## Task to complete
Entries below include pictures. Output exactly the lines from the one with "LEGO Conjunto de" down to the one with "Poimu seinävaate kohokuvioilla", both ends included, and leave the pictures out.

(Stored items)

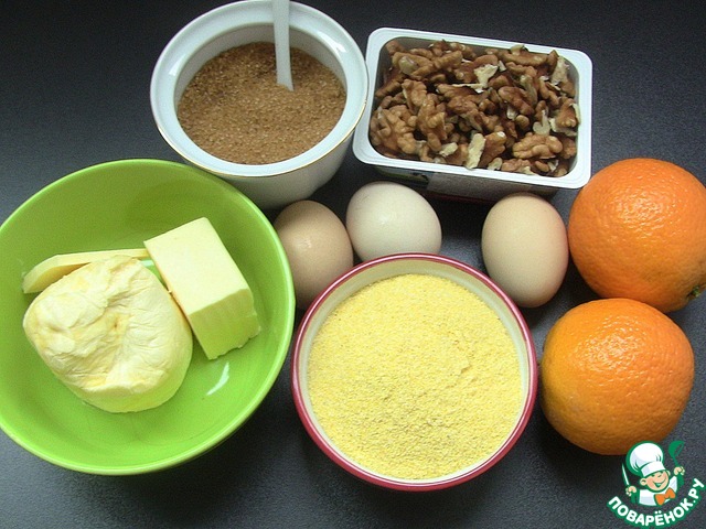 Ингредиенты для «Апельсиновый пирог с кукурузной мукой»:
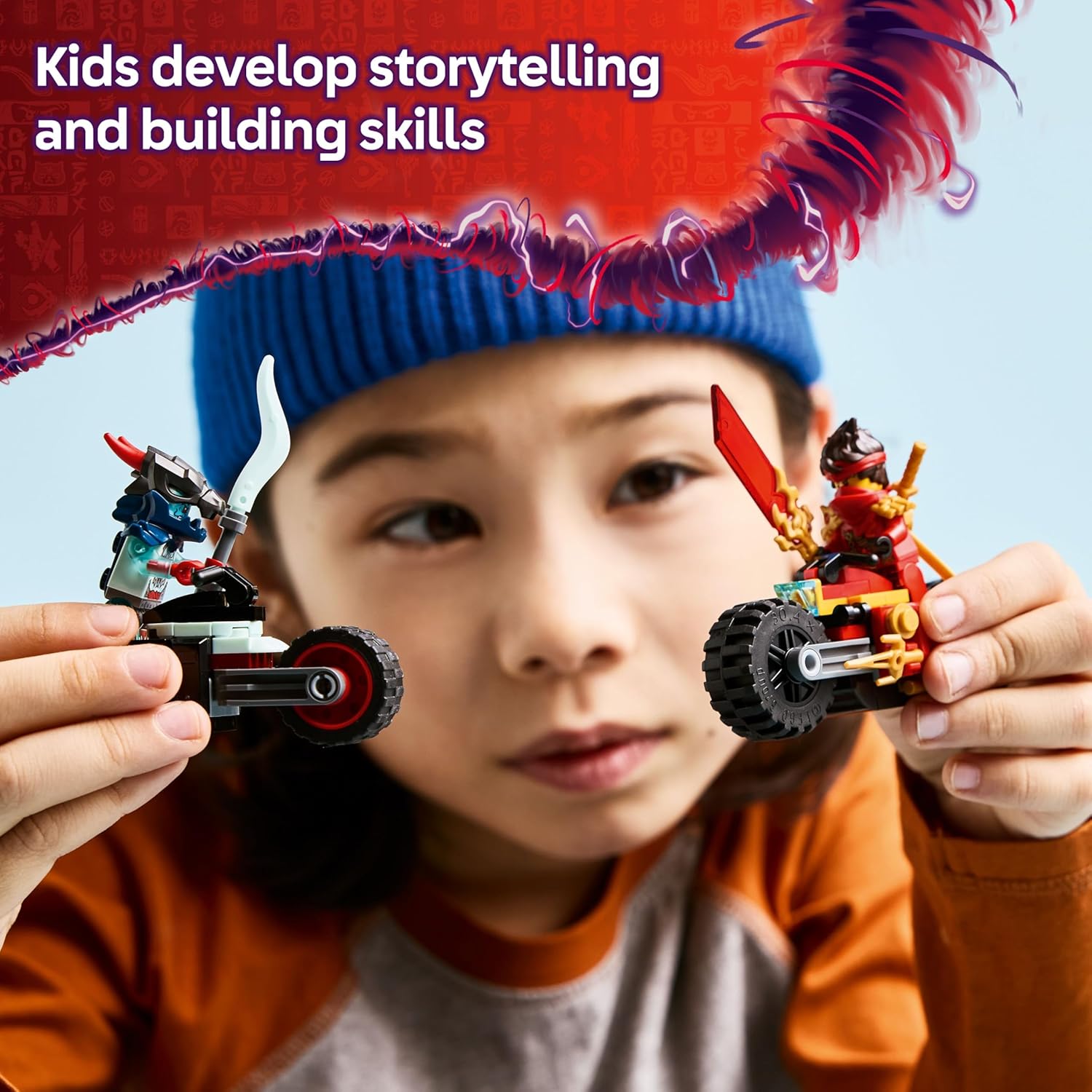 LEGO Conjunto de Corrida de Motocicleta NINJAGO Kai - 2 Brinquedos de Moto Ninja com Rodas Giratórias e 2 Minifiguras com Acessórios de Armas - Presente para Meninos a partir de 6 Anos e Fãs de Dragons Rising - 71838
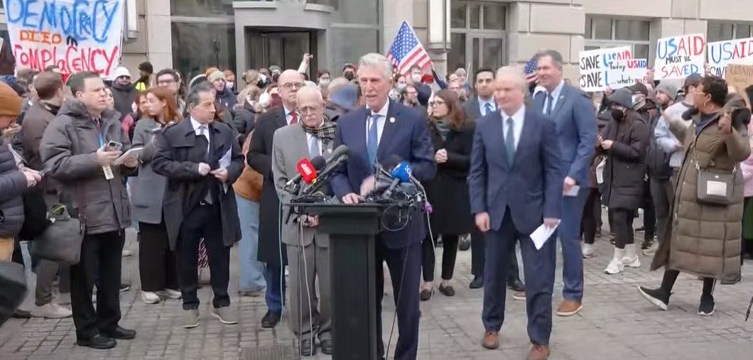 House and Senate Democrats held a protest and a press conference at the offices of USAID to speak out against Elon Musk’s illegal takeover of the agency.
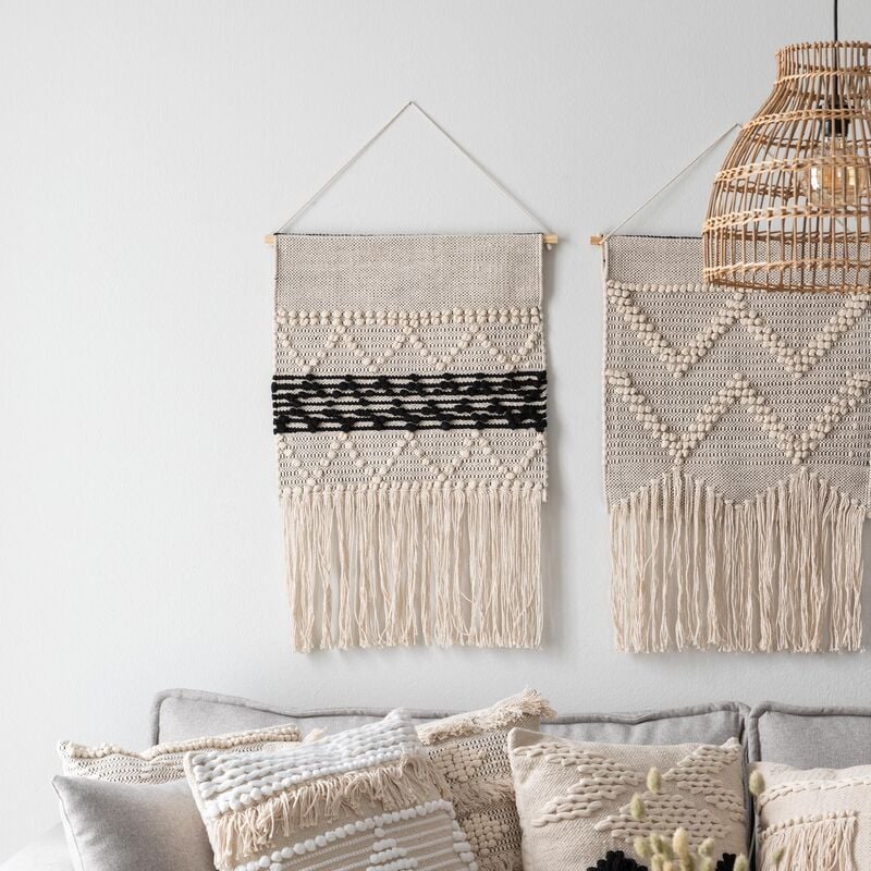 Poimu seinävaate kohokuvioilla ja hapsuilla. Seinävaatteen koko 50x70 cm. Materiaali 100% puuvilla.
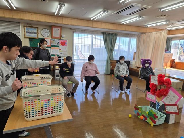 ハートの代わりにボールをかごの中へ投げ入れるゲームで、皆さん楽しみながらチャレンジしていました。
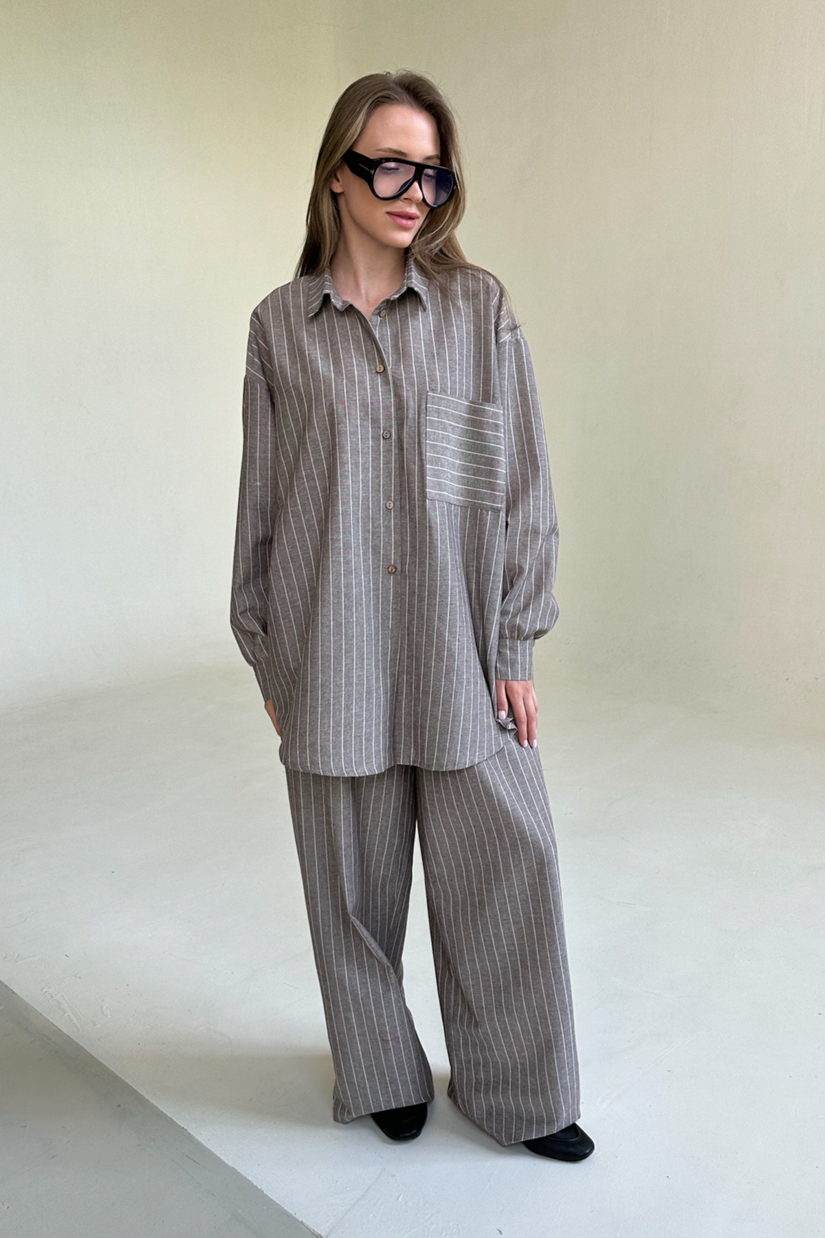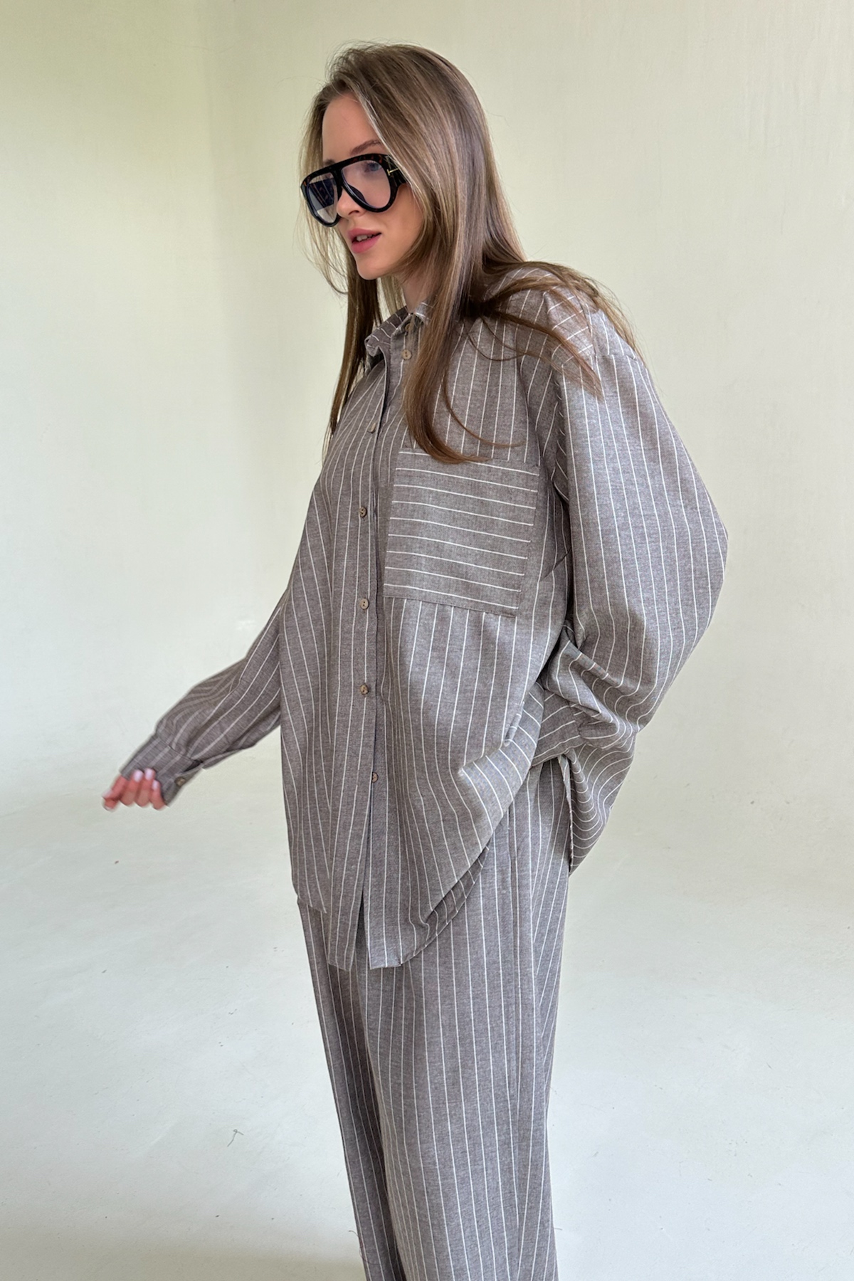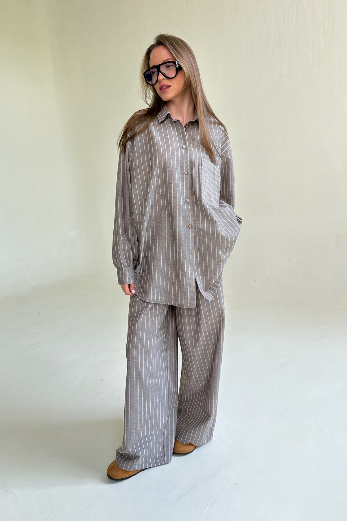 Все изделия имеют безупречный пошив и идеальную посадку. Костюм SET065 рубашка удлиненная с брюками из 70% хлопок, 30% па. Свободный крой рубашки и брюк не стесняет ваши движения, брюки с карманами (высокая посадка, на мягкой резинке, ручной работы) не давят и подходят беременным. Костюм идеально садится на любой тип фигуры. Все изделия уникальны и отшиваются небольшими партиями. Стирка изделий вручную либо использовать машинную стирку в деликатном режиме (не более 30 градусов).

## Response below
 LEGO Conjunto de Corrida de Motocicleta NINJAGO Kai - 2 Brinquedos de Moto Ninja com Rodas Giratórias e 2 Minifiguras com Acessórios de Armas - Presente para Meninos a partir de 6 Anos e Fãs de Dragons Rising - 71838
 House and Senate Democrats held a protest and a press conference at the offices of USAID to speak out against Elon Musk’s illegal takeover of the agency.
 Poimu seinävaate kohokuvioilla ja hapsuilla. Seinävaatteen koko 50x70 cm. Materiaali 100% puuvilla.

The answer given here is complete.